In January, the Service-Learning Advisory Board issued a report that recommended that GW make service-learning a more central part of a GW education.
“We developed the report as a way to lay out a strategic plan and get the word out, but it can be adapted and revisited once we have more direction from (University) President (Steven) Knapp,” said Emily Morrison, an administrative manager in the medical school and co-author of the report. “I think it’s fair to revisit the report periodically as the needs of the University and the community change.”
The report states that because GW uses community service in its advertisements for prospective students, like in its “Classroom, City, Campus” admissions motto, there should be more of an emphasis on service-learning at GW.
“Many (students) have expressed dismay that more classes do not offer Service-Learning opportunities,” the report said.
Thirty-six faculty members in 21 departments incorporate service-learning into their classes, representatives from the University said. Dr. Phyllis Mentzell Ryder requires the students in her University Writing course to perform community service.

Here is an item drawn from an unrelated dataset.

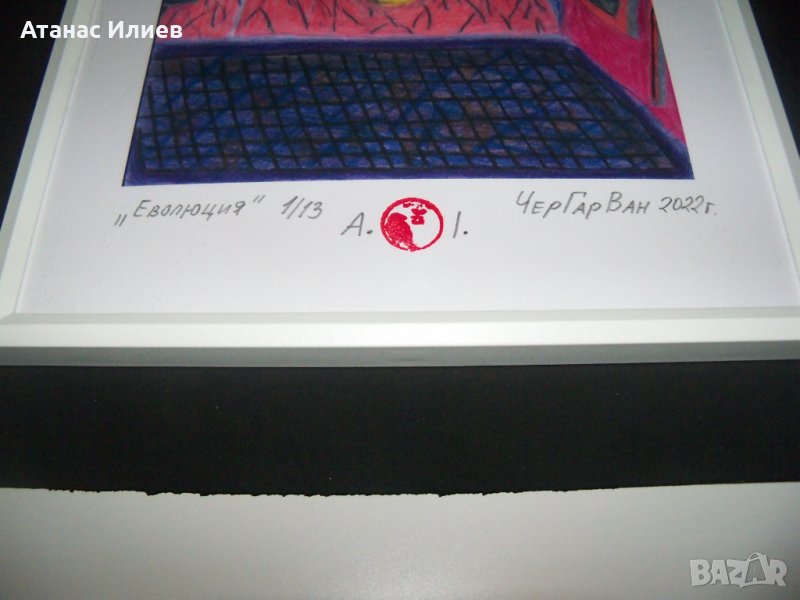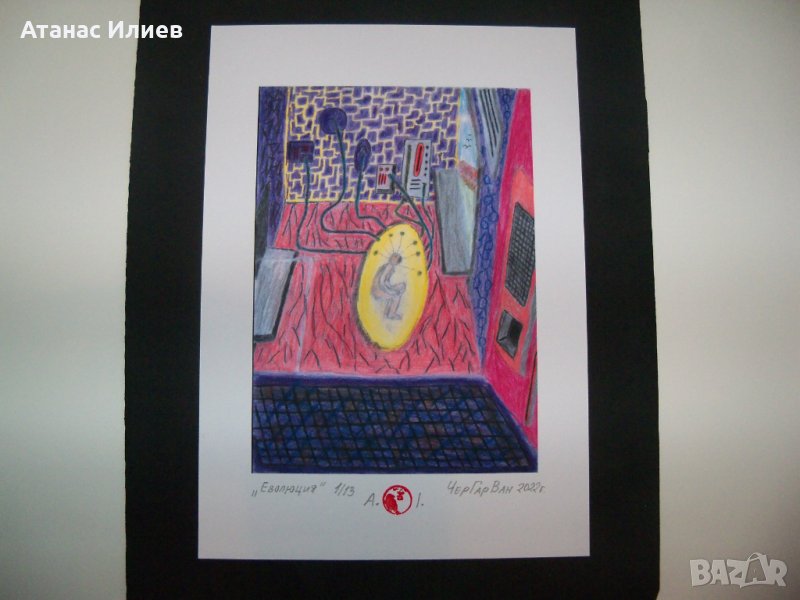Картина "Еволюция" на художника ЧерГарВан псевдоним на Атанас Илиев. Картината е тиражно изкуство, рисувана с акварелни моливи, сканирана и обработена на компютър, след което е отпечатана в 13 екземпляра на специална фотохартия 170гр. Картината е първи отпечатък от 13. Картината е подписана и датирана от автора и подпечатана с личния му печат. Размери с рамката 30х21 см. Картината е илюстрация по едноименният му разказ, разказите му можете да прочетете в блога "Гарванови истории".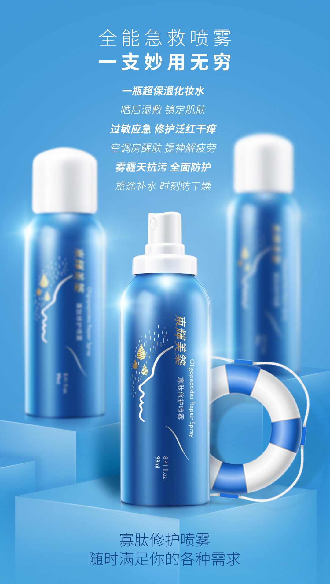 产品功:蕴含浓缩寡肽修护精华,协同多重滋养保湿成分,以高压按摩雾化喷头,使轻盈细密的水雾层层浸润肌肤,冰爽沁透,纾缓因水分挥发造成的二次干燥,防护外界环境对娇弱肌的不利影响,时刻给予肌肤安舒愉悦的呵护,锁水修护双管齐下,尽现饱满柔滑肌。

“Service-learning keeps us focused on how academic research can work in the real world and helps students to stay engaged in their research project,” she said.
GW students contributed more than 55,000 hours of service by over 2,500 students, valued at over $1.5 million the last academic year.
Students at American volunteered 64,900 hours of community service last year, and Boston University students volunteered 75,000 community service hours, according to community service centers in those universities. Georgetown students spent a total of 30,000 hours volunteering.
In 2006, GW was ranked number one in the country for producing the most Peace Corps volunteers of any mid-sized college or university. In 2005, GW was ranked No. 4 in the country for our dedication to service by the Washington Monthly College Guide, and was also featured as a national model for civic engagement by Colleges with a Conscience, which is published by the Princeton Review.
“I think that as the OCS has grown and information about service learning has been more readily available, it has become more popular within teaching,” said sophomore Amanda Formica, service learning assistant to OCS. “This and the administration taking an active interest in service learning all raise awareness on campus,”
Junior Amy Dorfman, a human services major, said students need to see D.C. as not just a political hub, but also a city with social problems.
“I think that it (community service) helps us become a better community partner,” she said. “While D.C. may be the center of the national political power, it is also a community with large problems of racial, economic, and social injustice, poverty, domestic violence. Sometimes we forget that we’re living in a community with domestic and national issues.”